And then his name and another line: “I will make up to you, dear father, for all you suffer now for me.”
“And He has kept him safe,” said the minister, “all these years.”
Katie came now and then, and looked in, but she did not speak, except once to say that grannie was sleeping still. Even Katie never knew how the minister and her grandfather passed the long morning. It was noon when she went in and told them that dinner was nearly ready, and that grannie was awake and asking for them. Afterward Mr Maxwell told Miss Elizabeth something about it.
How as it gradually became clear to the father that his dear son’s light had not gone out in darkness, but that he had repented of his sin, and confessed it, and had been as he trusted forgiven, his grief and shame and penitence were even deeper than his joy.
“To think that I should have been misdoubting the Lord all this time, as though He had broken His promise to me! And how patient He has been—long-suffering and full of compassion. I have been hard on Jacob Holt. If God had dealt with me as I have in my heart dealt with him!”
The minister did not always know whether he was speaking to him, or to himself.
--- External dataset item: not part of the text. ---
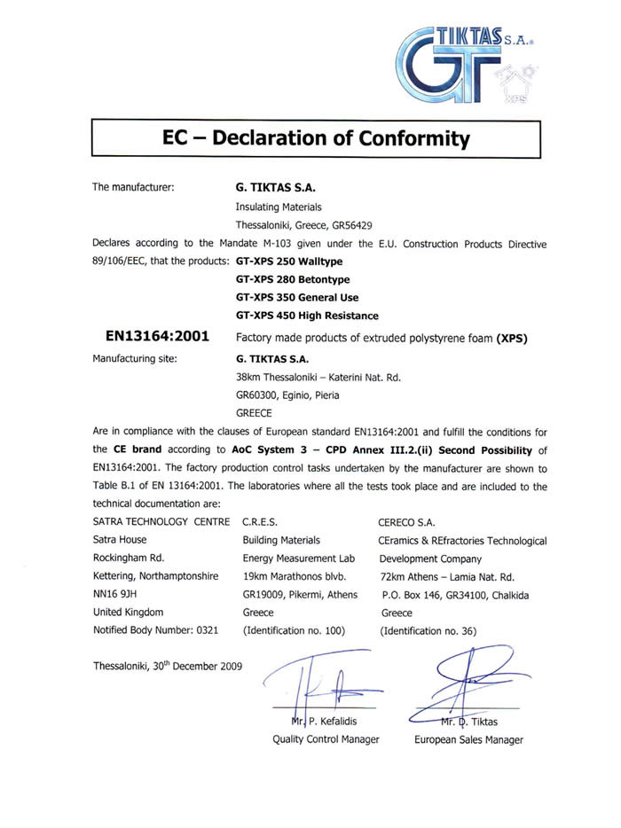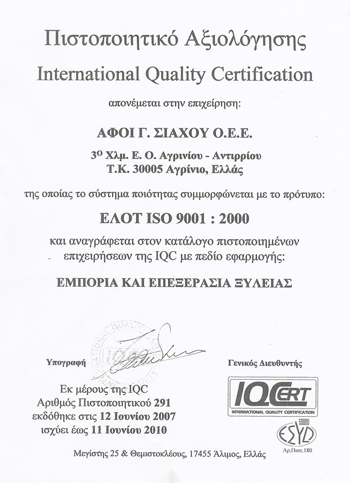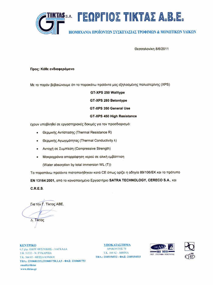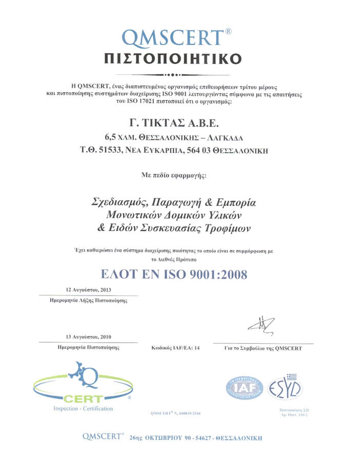 ΠΙΣΤΟΠΟΙΗΣΕΙΣ ΤΗΣ ΕΤΑΙΡΕΙΑΣ ΤΙΚΤΑΣ ΓΙΑ ΤΗΝ ΟΠΟΙΑ ΕΙΜΑΣΤΕ ΑΝΤΙΠΡΟΣΩΠΟΙ ΣΤΑ ΜΟΝΩΤΙΚΑ ΥΛΙΚΑ

By and by, when he got calmer, and “better acquainted” with the thought of the new joy, he told the minister, in broken words, the story of his love for his son, and the bitterness of his loss, and his wonder and sympathy grew as he listened.
What depths of woe the old man had sounded! With what agonies of bitterness and anger which had grown to be hatred almost, as the years went on, had he struggled. And he had sometimes yielded to the misery of doubt of God’s care. He had thought the struggle vain.
He had never been quite at peace with himself through it all. God had never left him to an easy conscience, where Jacob Holt was concerned, even at his quietest time, and when things were at their best with him. He had never left him to himself, and now the evil spirit was cast out.
“The patience He has had with me. It is wonderful!” he said again and again. “And now I ask nothing but that He may do His will with me and mine,” he added, as Katie came in.
“I think grannie is no worse, though she is very weak and cannot bear much,” was Katie’s gentle caution, lest she should be excited overmuch.